AI search engines evaluate topical authority partly through content interconnection. When AI systems see that your site has 30 pages about “CRM software” — all linking to each other with relevant anchor text — they recognize deeper expertise than a site with 30 isolated CRM articles. (We explore this further in Why Every Page Needs an FAQ Section for GEO.)
Topical cluster strength:
BERT-based linking naturally creates topical clusters. Pages about related subtopics link to each other, forming dense subgraphs within your site structure. These clusters signal to AI engines: “This site covers this topic comprehensively.”
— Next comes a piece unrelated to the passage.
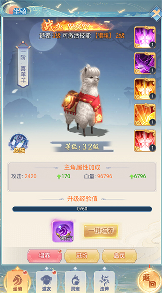 每个坐骑都有自己的技能,给坐骑升级解锁和升级技能能大幅度提高坐骑的战斗力
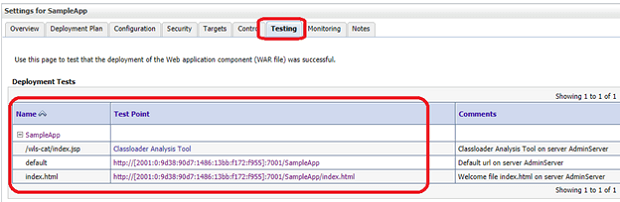 8. Select the Testing tab to access the deployed application.

Entity relationship mapping:
Internal links communicate entity relationships. When your “CRM pricing” page links to your “CRM comparison” page with anchor text “compare CRM platforms,” you’re telling AI engines that these entities are related. This relationship mapping helps AI engines build a more complete picture of your content ecosystem. This relates closely to what we cover in Future of Search: What to Expect in 2026-2027.
Citation chain building:
When AI engines cite one of your pages, they often explore linked pages for additional context. Strong internal linking means an AI citation on one page can lead to the AI system discovering and potentially citing other pages on your site. It’s a compounding effect — one citation leads to exploration that leads to more citations.
BERT-powered internal linking transforms this from a manual, inconsistent effort into a systematic, data-driven practice. The result is a site structure that both search engines and AI systems can navigate efficiently, building compounding topical authority over time.